TASK BRIEF = Reproduce all of the data below without alteration; exclude every picture.

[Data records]
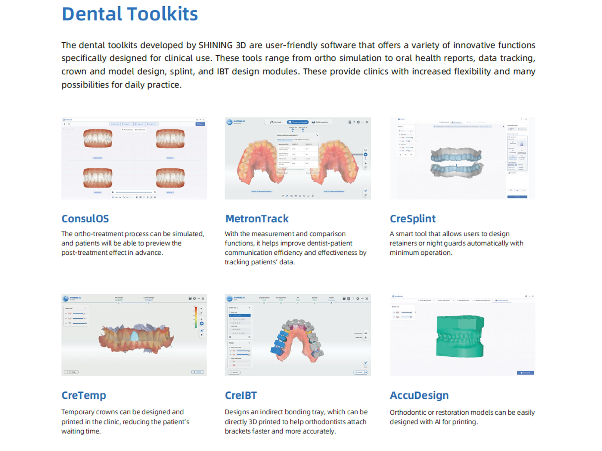 El sistema se integra con el ecosistema SHINING 3D Dental Cloud, que permite gestionar información del paciente, compartir reportes, realizar análisis asistidos por IA y dar seguimiento longitudinal a cambios orales y faciales. También puede complementarse con distintos módulos digitales de la marca para simulación ortodóncica, diseño de retenedores, coronas temporales, modelos y bandejas de cementado indirecto, ampliando el valor del flujo digital dentro de la clínica.
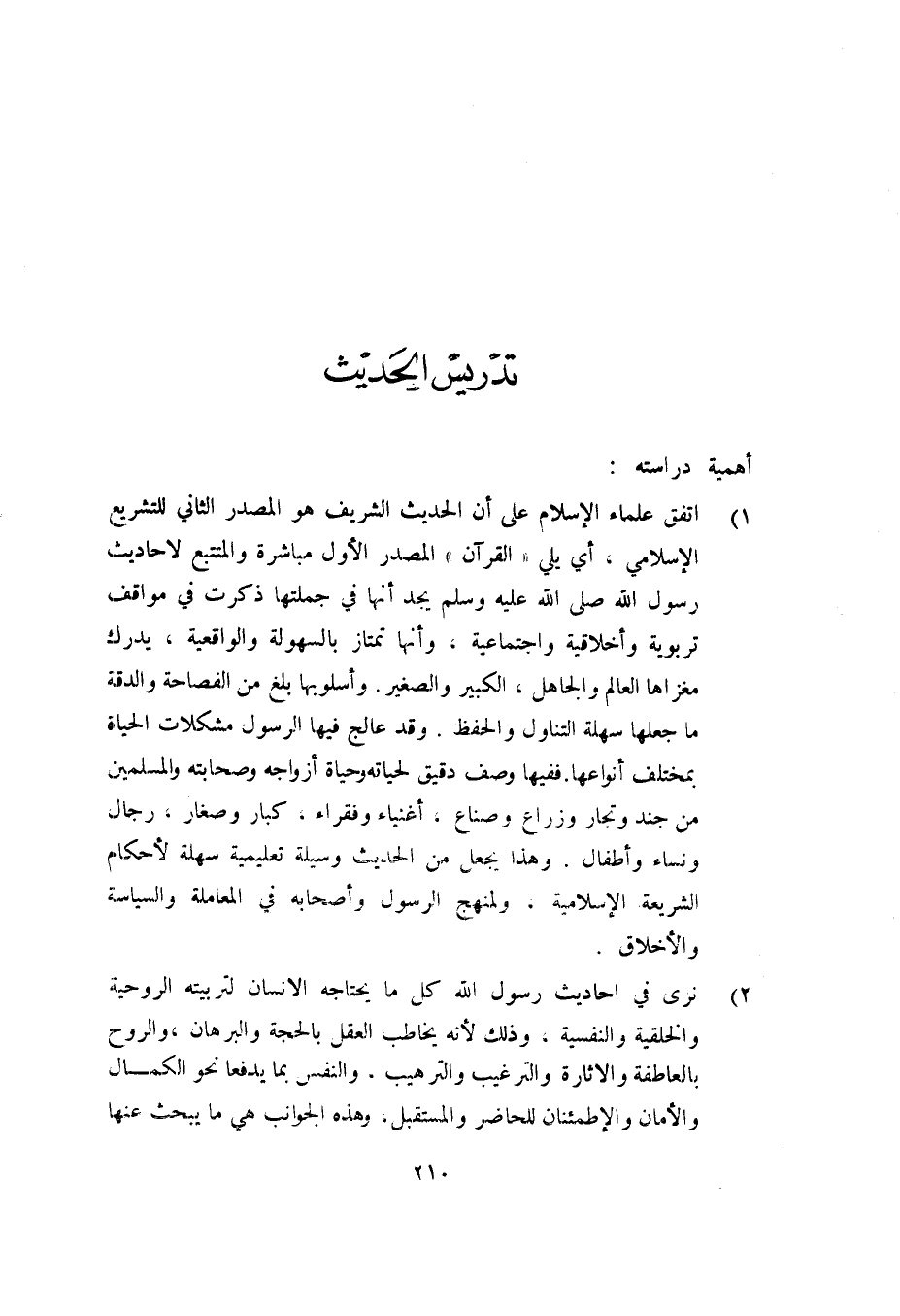 1- اتفق علماء الإسلام على أن الحديث الشريف هو المصدر الثاني للتشريع الإسلامي، أي: يلي "القرآن" المصدر الأول مباشرة, والمتتبع لأحاديث رسول الله -صلى الله عليه وسلم- يجد أنها في جملتها ذكرت في مواقف تربوية وأخلاقية واجتماعية, وأنها تمتاز بالسهولة والواقعية, يدرك مغزاها العالم والجاهل، الكبير والصغير. وأسلوبها بلغ من الفصاحة والدقة ما جعلها سهلة التناول والحفظ. وقد عالج فيها الرسول مشكلات الحياة بمختلف أنواعها. ففيها وصف دقيق لحياته وحياة أزواجه وصحابته والمسلمين من جند وتجار وزراع وصناع. أغنياء وفقراء، كبار وصغار، رجال ونساء وأطفال. وهذا يجعل من الحديث وسيلة تعليمية سهلة لأحكام الشريعة الإسلامية، ولمنهج الرسول وأصحابه في المعاملة والسياسة والأخلاق.
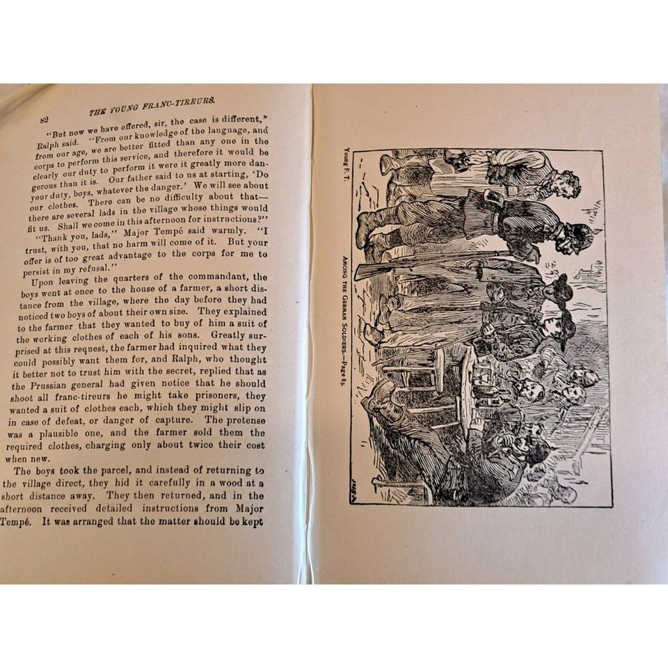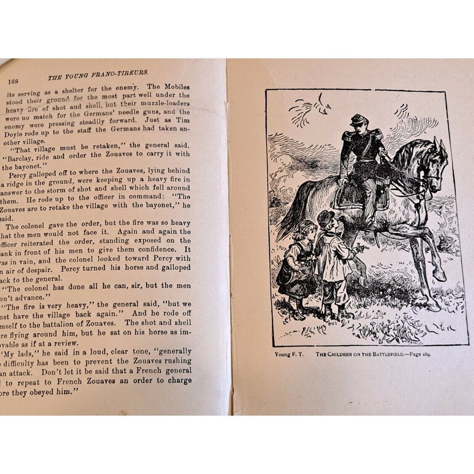 The Young Franc-Tireurs and Their Adventures in the Franco-Prussian War by G. A. Henty. According to the preface, was written a few months after the Franco-Prussian War ended in 1871. The names, places, and dates have been changed, but the circumstances and facts are true. Told from the French point of view, represents the action of the bodies of volunteer troops known as the franc-tireurs. vi + 335 + 14pp ads.
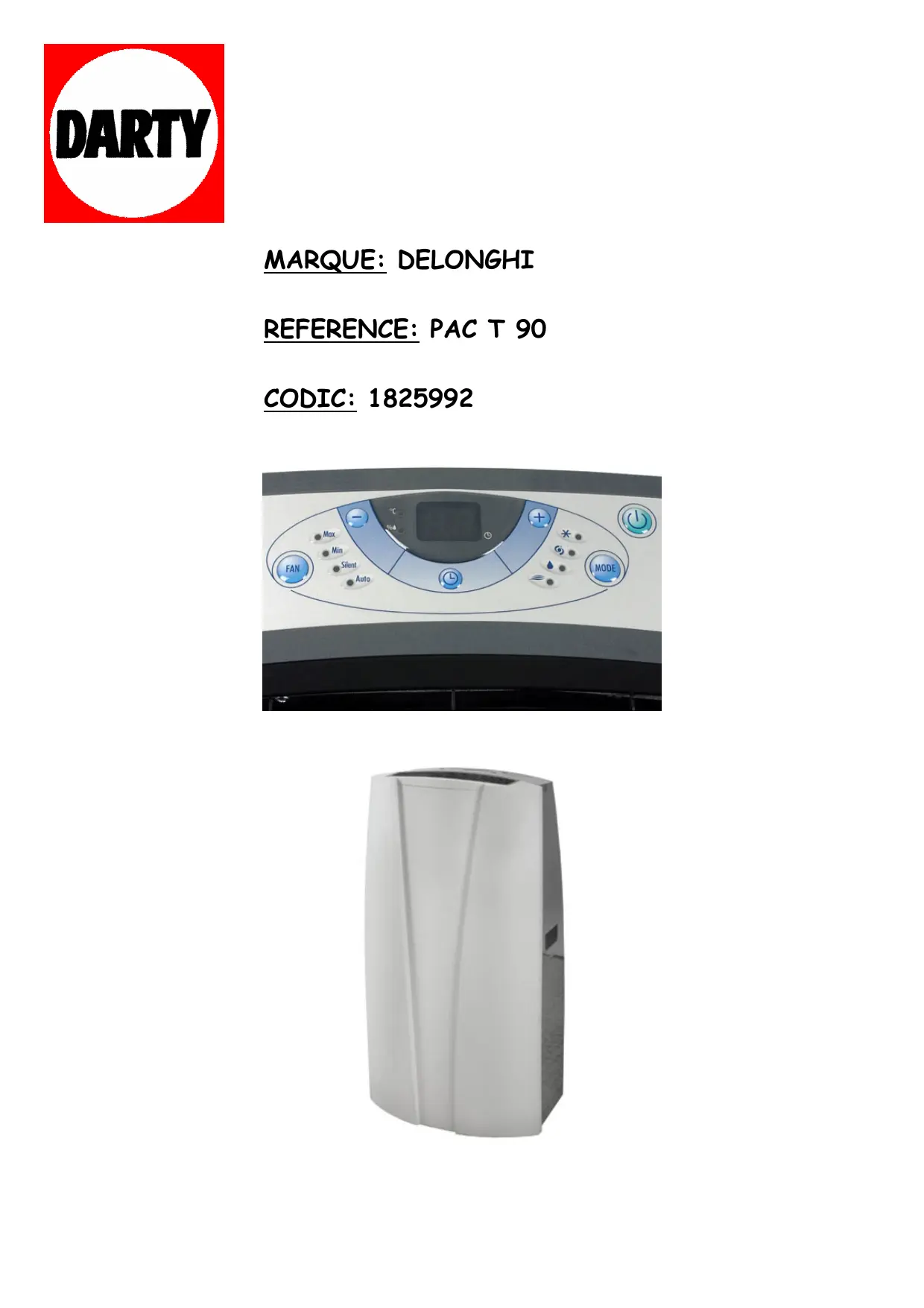 PAC T 90 - DELONGHI - Notice d'utilisation et mode d'emploi gratuit
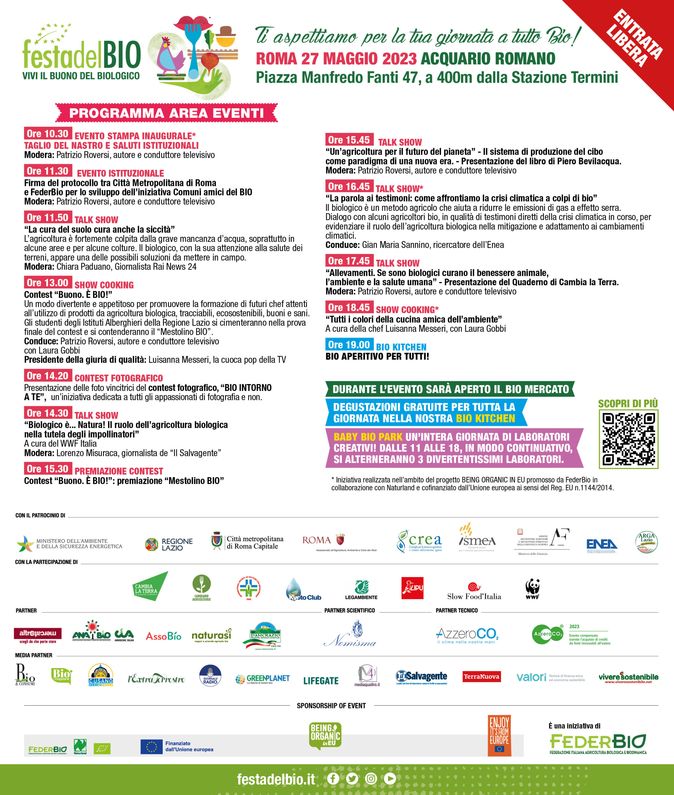Sabato 27 maggio alle 10.30 taglio del nastro inaugurale all’Acquario Romano, in piazza Manfredo Fanti 47, a pochi metri dalla stazione Termini. Saranno presenti Maria Grazia Mammuccini, Presidente FederBio, Giancarlo Righini, Assessore alle Politiche agricole del Lazio, Sabrina Alfonsi, Assessora all’agricoltura, ambiente e Ciclo dei rifiuti di Roma Capitale, Rocco Ferraro, Consigliere delegato Ambiente, Transizione ecologica di Città Metropolitana di Roma Capitale, Roberto Zanoni, Presidente AssoBio e Flavio Pezzoli, Presidente dell’Ordine dei Dottori Agronomi e Forestali di Roma e provincia.
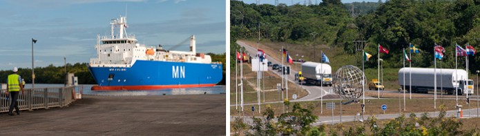 The MN Colibri completes another trans-Atlantic voyage (left photo), arriving at Pariacabo Port with elements for three Soyuz launchers. At right, a convoy enters the Spaceport with some of the Soyuz components unloaded from the MN Colibri.

ANSWER SPACE =
 El sistema se integra con el ecosistema SHINING 3D Dental Cloud, que permite gestionar información del paciente, compartir reportes, realizar análisis asistidos por IA y dar seguimiento longitudinal a cambios orales y faciales. También puede complementarse con distintos módulos digitales de la marca para simulación ortodóncica, diseño de retenedores, coronas temporales, modelos y bandejas de cementado indirecto, ampliando el valor del flujo digital dentro de la clínica.
 1- اتفق علماء الإسلام على أن الحديث الشريف هو المصدر الثاني للتشريع الإسلامي، أي: يلي "القرآن" المصدر الأول مباشرة, والمتتبع لأحاديث رسول الله -صلى الله عليه وسلم- يجد أنها في جملتها ذكرت في مواقف تربوية وأخلاقية واجتماعية, وأنها تمتاز بالسهولة والواقعية, يدرك مغزاها العالم والجاهل، الكبير والصغير. وأسلوبها بلغ من الفصاحة والدقة ما جعلها سهلة التناول والحفظ. وقد عالج فيها الرسول مشكلات الحياة بمختلف أنواعها. ففيها وصف دقيق لحياته وحياة أزواجه وصحابته والمسلمين من جند وتجار وزراع وصناع. أغنياء وفقراء، كبار وصغار، رجال ونساء وأطفال. وهذا يجعل من الحديث وسيلة تعليمية سهلة لأحكام الشريعة الإسلامية، ولمنهج الرسول وأصحابه في المعاملة والسياسة والأخلاق.
 The Young Franc-Tireurs and Their Adventures in the Franco-Prussian War by G. A. Henty. According to the preface, was written a few months after the Franco-Prussian War ended in 1871. The names, places, and dates have been changed, but the circumstances and facts are true. Told from the French point of view, represents the action of the bodies of volunteer troops known as the franc-tireurs. vi + 335 + 14pp ads.
 PAC T 90 - DELONGHI - Notice d'utilisation et mode d'emploi gratuit
Sabato 27 maggio alle 10.30 taglio del nastro inaugurale all’Acquario Romano, in piazza Manfredo Fanti 47, a pochi metri dalla stazione Termini. Saranno presenti Maria Grazia Mammuccini, Presidente FederBio, Giancarlo Righini, Assessore alle Politiche agricole del Lazio, Sabrina Alfonsi, Assessora all’agricoltura, ambiente e Ciclo dei rifiuti di Roma Capitale, Rocco Ferraro, Consigliere delegato Ambiente, Transizione ecologica di Città Metropolitana di Roma Capitale, Roberto Zanoni, Presidente AssoBio e Flavio Pezzoli, Presidente dell’Ordine dei Dottori Agronomi e Forestali di Roma e provincia.
 The MN Colibri completes another trans-Atlantic voyage (left photo), arriving at Pariacabo Port with elements for three Soyuz launchers. At right, a convoy enters the Spaceport with some of the Soyuz components unloaded from the MN Colibri.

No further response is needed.